In a weird way, I'm going to miss the urban blight that is south of the CBD as it's very interesting, especially if you walk it.  I feel the way same way about the old railroad lines and surrounding area that was behind Union Station that is now the new I-40.

Several years ago I walked all around that area and found it fascinating, with tons of little things to see at every turn.  It's very surreal to be so close to the cities tallest buildings and be in an almost completely deserted spot.  The combination of old abandoned buildings, rough businesses that almost no one sees and vacant lots makes for interesting exploring.

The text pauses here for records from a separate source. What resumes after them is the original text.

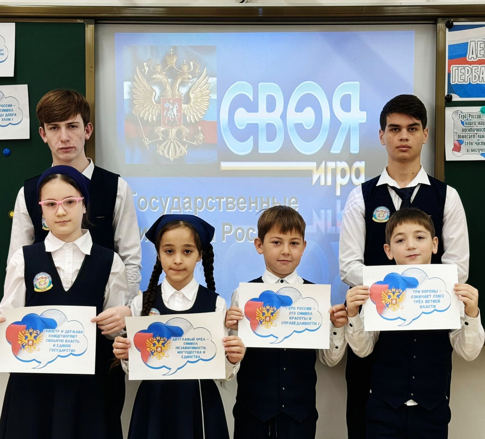 Игра включала в себя несколько раундов, где ребята отвечали на вопросы о государственных символах, об истории и значении герба, флага и гимна России.
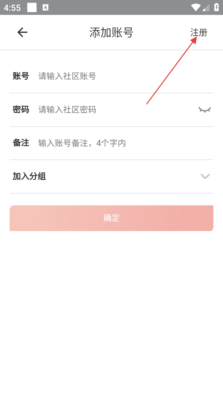 1、在添加账号页面,点击右上角【注册】,进入注册社区账号流程,可创建新账号。
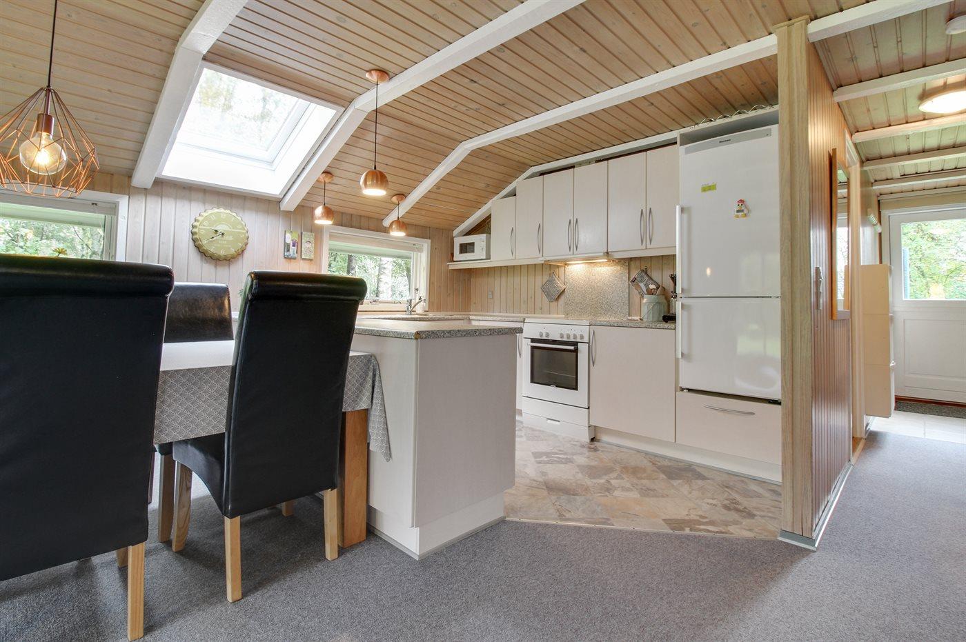 Køkkenet er udstyret med 1 køleskab. Der er 4 keramiske kogeplader, varmluftovn, mikrobølgeovn samt opvaskemaskine.
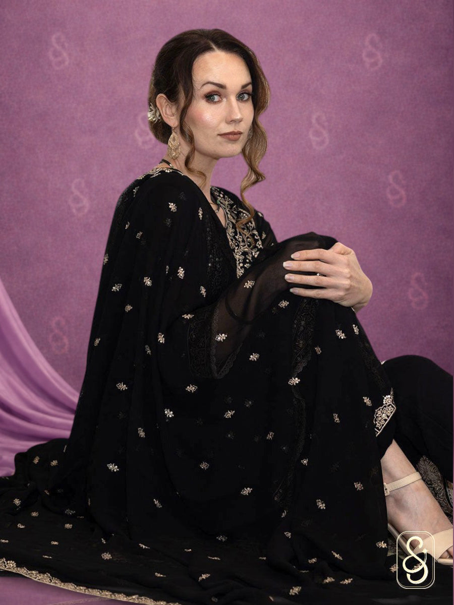 This elegant pant suit is crafted from lightweight georgette fabric and adorned with fine embroidery for a refined look. It comes with a matching dupatta that adds a touch of grace, making it a perfect choice for festive occasions, parties, and traditional gatherings.
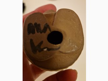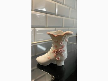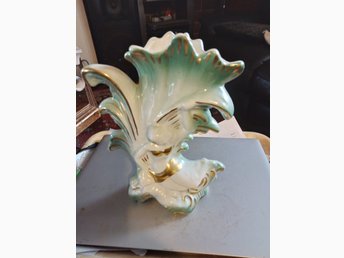 ÄLDRE DELFIN VAS I PORSLIN /VINTAGE SIGNERAD LG. MYCKET OVANLIG FORM.

It really is the last part of downtown that remains this way as Bricktown, Midtown and now the Film Exchange and the western area are all heavily renovated now.

I really encourage anybody that loves urban exploring to get down to that area sooner rather than later because it won't be long before it's completely changed.  Same for the Coop / Lumber yard area east of the RR tracks.

----------


## BoulderSooner

just a note ... but the park sub committee is doing a building study ..on all existing building in the park area ..  and very well might keep several ..

----------


## Pete

I hope they do keep as many buildings as possible.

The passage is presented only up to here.